The Electron Loss and Fields Investigation CubeSat, or ELFIN, is a tiny satellite the size of a loaf of bread that still packs the scientific punch of significantly larger, more expensive satellites. When launched, ELFIN will determine how solar wind particles and radiation behave in Earth’s environment, a topic of increasing concern because magnetic storms can wreak havoc on space infrastructure like GPS, communication and weather satellites, and even damage the electrical grid here on Earth.

"With the advent of space tourism and the increased reliance on satellites, understanding space weather is becoming increasingly important to our society," said Vassilis Angelopoulos, a professor in the UCLA Department of Earth, Planetary, and Space Sciences and ELFIN principal investigator. "We need to study the electron loss process to assemble the full picture of how space radiation is driven by solar particles."

From the beginning, ELFIN had only scant internal funding, and the outlook for completion was unclear.
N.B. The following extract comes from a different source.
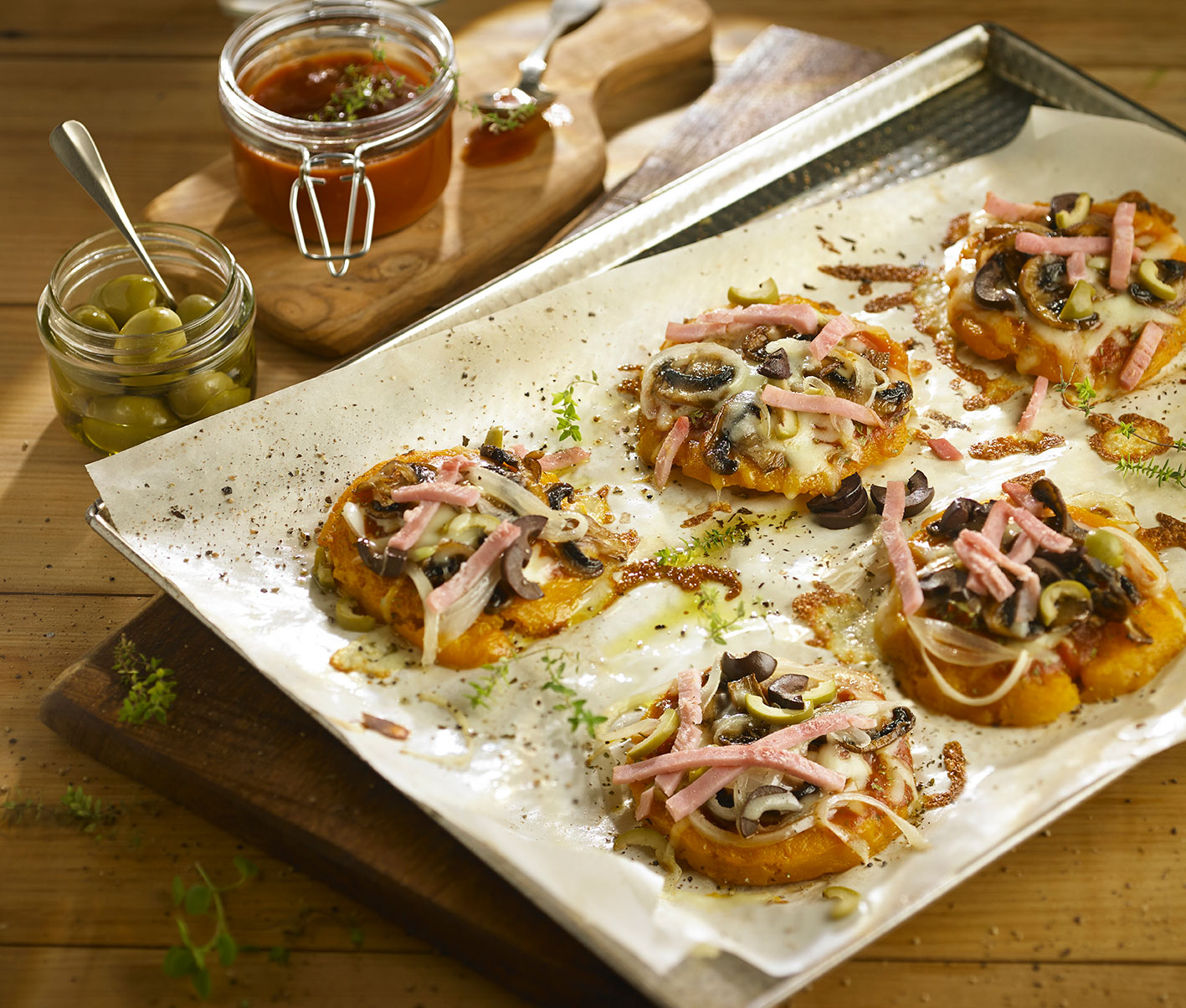Retirar la calabaza del horno con cuidado y extender una cucharada del puré de tomates previamente sazonado con sal, pimienta y una pizca de orégano sobre cada rodaja. Agregar por encima la cebolla rehogada, los champiñones, el jamón cocido, las aceitunas negras y la mozzarella rallada. Hornear por otros 4-5 minutos o hasta que se funda el queso.

In spite of this uncertainty, a team of several dozen intrepid undergraduate students took on the project as their own, collectively putting in thousands of hours as a labor of love, developing and testing the satellite’s subsystems with the hope that the project would someday be fully funded. After three years of diligent work and patience, the tide finally turned in 2013 when the U.S. Air Force awarded the team a $110,000 grant to continue development and buy much-needed parts. Last February, the opportunity to achieve their goal became even more real for these space Bruins when NASA’s CubeSat Initiative and the Low-Cost Access to Space program guaranteed them a launch spot. Finally, on May 23, the team was awarded $1.2 million jointly from NASA and the National Science Foundation, ensuring enough funding to put the space-qualified hardware in orbit and to operate it for six months from the UCLA Mission Operations Center, to be located on campus.
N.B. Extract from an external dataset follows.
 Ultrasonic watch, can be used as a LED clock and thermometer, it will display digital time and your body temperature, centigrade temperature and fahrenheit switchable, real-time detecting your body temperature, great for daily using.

A collaboration between the Aerospace Corporation and UCLA’s departments of Earth, Planetary and Space Sciences; Mechanical and Aerospace Engineering (MAE); and Atmospheric and Oceanic Sciences, ELFIN will benefit UCLA students, who will have the opportunity to work on a real-world space program and will also resolve a critical space physics question.

"ELFIN will train tomorrow’s leaders in space science and engineering," said Richard Wirz, a professor in the UCLA Department of Mechanical and Aerospace Engineering and a mission co-investigator. "This educational experience enables students to apply what they learn in the classroom in a hands-on, team setting and do whatever it takes to reach a scientifically compelling and challenging goal."

Drew Turner, an associate researcher in Earth, planetary and space sciences, noted that a quick-turnaround mission like this will give students the rare opportunity to see a project from conception to completion. "The ELFIN experience is unusual in comparison to an industry that typically deals with one-ton satellites that take up to 10 years to build by a veritable army of engineers," he said. "This will be an invaluable, once-in-a-lifetime opportunity for our student —a ride to space they will never forget!"

The satellite is tentatively scheduled for launch in late 2016 or early 2017 as a secondary payload, which greatly reduces the cost of reaching space. From its polar orbit approximately 370 miles overhead, ELFIN will determine how high-energy electrons in Earth’s radiation belt (located roughly 25,000 miles above the equator) are scattered out of their cyclical orbits by naturally occurring ultra-low-frequency electromagnetic waves.